大晋朝,景和十七年,三月廿三。
春寒比冬寒更难熬。
护城河的水面上,还浮着一层若有似无的冰凌碴子,在铅灰色天光下闪着冷硬的微光。风吹过河面,带起一股子河底淤泥与初春败叶混杂的腥湿气。岸边的垂柳倒是抽了芽,只那嫩黄稀疏得很,畏畏缩缩地蜷在依旧黑褐干瘦的老枝上,瞧着反而更添几分料峭。
大约是未时刚过,街上行人稀落。这个时辰,体面人家多在午憩,贩夫走卒也寻了背风处打盹,连平日里最聒噪的雀儿,都躲在不知哪个檐角巢里,懒怠出声。

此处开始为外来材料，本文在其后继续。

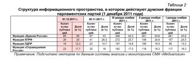 Контент-анализ публикаций СМИ с помощью системы «Медиалогия» позволил выявить следующую структуру информационного пространства, в котором действуют думские политические партии (таблица 1).

所以,那“扑通”一声落水响,便显得格外突兀,闷闷的,沉沉的,像块石头砸进了冰水里。
“爹!你看!河里有东西!”
护城河西岸不远处,一辆半旧的青幔马车正缓缓行着。车辕上坐着个二十出头的年轻汉子,虎头虎脑,一身腱子肉把粗布短衫撑得绷紧,正是丞相府管家沈福来的独子,沈宝。他眼尖,一眼就瞧见了河心那团扑腾的黑影。
车厢帘子被一只骨节分明的手撩开,露出一张五十岁上下、国字脸浓眉的沉稳面孔。沈福来眯眼朝河心望去,只见水花翻涌间,隐约是个人形,还在挣扎,只是那挣扎越来越弱,眼看就要沉下去了。
“快!”沈福来当机立断,“停车!救人!”
沈宝应得干脆,“吁”一声勒住缰绳,枣红马“咴”地停住。他跳下车辕,几步就蹿到河边,鞋子都顾不上脱,“噗通”就扎进了冰冷的河水里。三月末的护城河水,寒意刺骨,激得他一个哆嗦,但动作却不停,奋力朝那沉浮的人影游去。
沈福来也下了车,快步走到岸边,眉头紧锁地望着河面。他今日奉老爷之命,去京郊田庄查看春耕预备,回程路上竟撞见这事。救人一命胜造七级浮屠,这道理他懂,只是……老爷近日为小姐的病烦忧至极,府里气氛压抑,这节骨眼上带个不明不白的落水人回去,怕是不妥。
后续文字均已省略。